Answer: Encode all product descriptions into embeddings, then convert the user’s query into an embedding and retrieve the nearest neighbors in the vector space. Explanation: Semantic search captures the intent ("lightweight," "flat feet") rather than matching keywords like "shoes."


Last-Minute Cram Sheet

  1. Embedding = numerical vector capturing meaning; similar items are closer in vector space.
  2. Semantic search = finds results by meaning, not keywords. Example: "cheap flights" matches "affordable airfare."
  3. Chunking = split text into smaller pieces before embedding (e.g., paragraphs, 256 tokens).
  4. Pre-trained embeddings = off-the-shelf models (e.g., OpenAI, sentence-transformers) for quick use.
  5. Vector database = stores embeddings for fast similarity search (e.g., Pinecone, FAISS).
  6. Cosine similarity = measures angle between vectors (0 to 1); higher = more similar.

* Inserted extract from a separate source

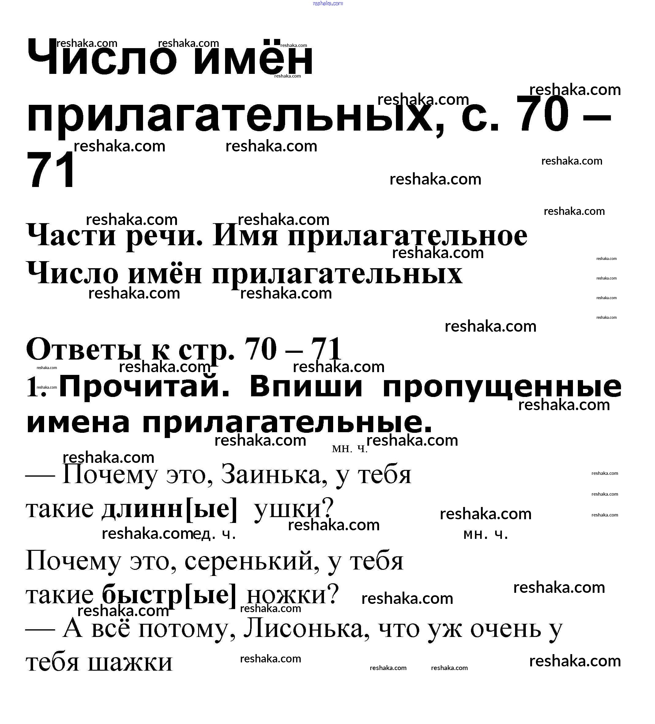 Решака - онлайн ответы Русский язык Канакина, Щеголева за 3 класс Проверочные работы ФГОС 2018 - Число имён прилагательных стр. 70 – 71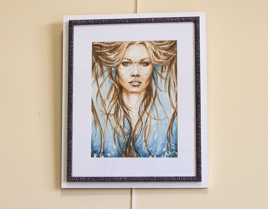 Aquarelle originale encadrée de Fée de la nuit de l’artiste Lucidaëlle.

  7. Fine-tuning = adjust embeddings with domain data for better performance. Overfitting risk.
  8. Hybrid search = combine semantic + keyword search for best results.
  9. Dimensionality trade-off = higher dimensions = more nuance but slower/expensive.
  10. Zero-shot retrieval = find relevant items without prior examples. May struggle with niche domains.